Log file to parse can also be specified using an URI, supported protocols are http[s] and [s]ftp. The curl command will be used to download the file, and the file will be parsed during download. The ssh protocol is also supported and will use the ssh command like with the remote host use. See examples bellow.

Return codes:

  • 0: on success
  • 1: die on error
  • 2: if it has been interrupted using ctr+c for example
  • 3: the pid file already exists or can not be created
  • 4: no log file was given at command line

Examples:

pgbadger /var/log/postgresql.log
pgbadger /var/log/postgres.log.2.gz /var/log/postgres.log.1.gz /var/log/postgres.log
pgbadger /var/log/postgresql/postgresql-2012-05-*
pgbadger --exclude-query="^(COPY|COMMIT)" /var/log/postgresql.log
pgbadger -b "2012-06-25 10:56:11" -e "2012-06-25 10:59:11" /var/log/postgresql.log
cat /var/log/postgres.log | pgbadger -
# Log line prefix with stderr log output
pgbadger --prefix '%t [%p]: user=%u,db=%d,client=%h' /pglog/postgresql-2012-08-21*
pgbadger --prefix '%m %u@%d %p %r %a : ' /pglog/postgresql.log
# Log line prefix with syslog log output
pgbadger --prefix 'user=%u,db=%d,client=%h,appname=%a' /pglog/postgresql-2012-08-21*
# Use my 8 CPUs to parse my 10GB file faster, much faster
pgbadger -j 8 /pglog/postgresql-10.1-main.log

Use URI notation for remote log file:

pgbadger http://172.12.110.1//var/log/postgresql/postgresql-10.1-main.log
pgbadger ftp://username@172.12.110.14/postgresql-10.1-main.log
pgbadger ssh://username@172.12.110.14:2222//var/log/postgresql/postgresql-10.1-main.log*

You can use together a local PostgreSQL log and a remote pgbouncer log file to parse:

pgbadger /var/log/postgresql/postgresql-10.1-main.log ssh://username@172.12.110.14/pgbouncer.log

Reporting errors every week by cron job:

30 23 * * 1 /usr/bin/pgbadger -q -w /var/log/postgresql.log -o /var/reports/pg_errors.html

Generate report every week using incremental behavior:

0 4 * * 1 /usr/bin/pgbadger -q `find /var/log/ -mtime -7 -name "postgresql.log*"` -o /var/reports/pg_errors-`date +\%F`.html -l /var/reports/pgbadger_incremental_file.dat

This supposes that your log file and HTML report are also rotated every week.
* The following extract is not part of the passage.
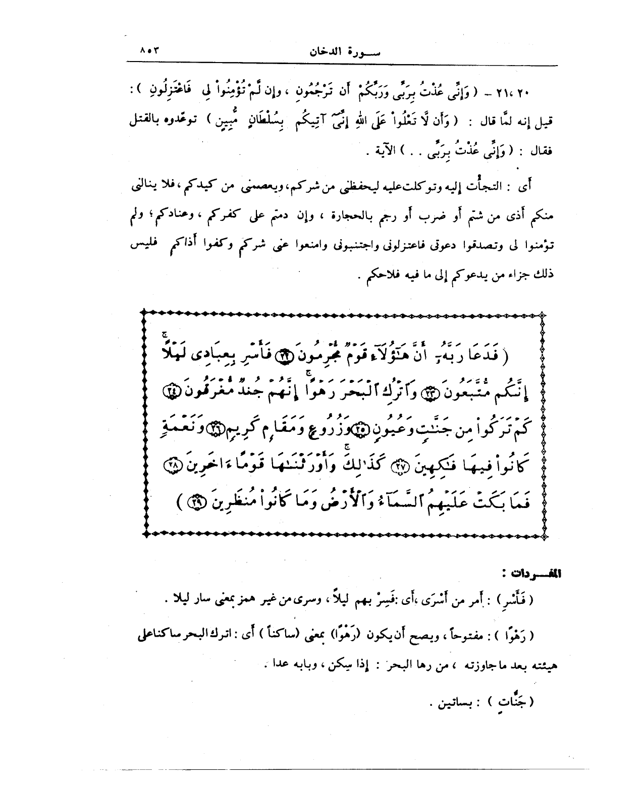 {فَدَعَا رَبَّهُ أَنَّ هَؤُلَاءِ قَوْمٌ مُجْرِمُونَ (22) فَأَسْرِ بِعِبَادِي لَيْلًا إِنَّكُمْ مُتَّبَعُونَ (23) وَاتْرُكِ الْبَحْرَ رَهْوًا إِنَّهُمْ جُنْدٌ مُغْرَقُونَ (24) كَمْ تَرَكُوا مِنْ جَنَّاتٍ وَعُيُونٍ (25) وَزُرُوعٍ وَمَقَامٍ كَرِيمٍ (26) وَنَعْمَةٍ كَانُوا فِيهَا فَاكِهِينَ (27) كَذَلِكَ وَأَوْرَثْنَاهَا قَوْمًا آخَرِينَ (28) فَمَا بَكَتْ عَلَيْهِمُ السَّمَاءُ وَالْأَرْضُ وَمَا كَانُوا مُنْظَرِينَ}

Or better, use the auto-generated incremental reports:

0 4 * * * /usr/bin/pgbadger -I -q /var/log/postgresql/postgresql.log.1 -O /var/www/pg_reports/

will generate a report per day and per week.

In incremental mode, you can also specify the number of weeks to keep in the reports:

/usr/bin/pgbadger --retention 2 -I -q /var/log/postgresql/postgresql.log.1 -O /var/www/pg_reports/

If you have a pg_dump at 23:00 and 13:00 each day during half an hour, you can use pgBadger as follow to exclude these periods from the report:

pgbadger --exclude-time "2013-09-.* (23|13):.*" postgresql.log

This will help avoid having COPY statements, as generated by pg_dump, on top of the list of slowest queries. You can also use --exclude-appname “pg_dump” to solve this problem in a simpler way.

You can also parse journalctl output just as if it was a log file:

pgbadger --journalctl 'journalctl -u postgresql-9.5'

or worst, call it from a remote host:

pgbadger -r 192.168.1.159 --journalctl 'journalctl -u postgresql-9.5'

you don’t need to specify any log file at command line, but if you have other PostgreSQL log files to parse, you can add them as usual.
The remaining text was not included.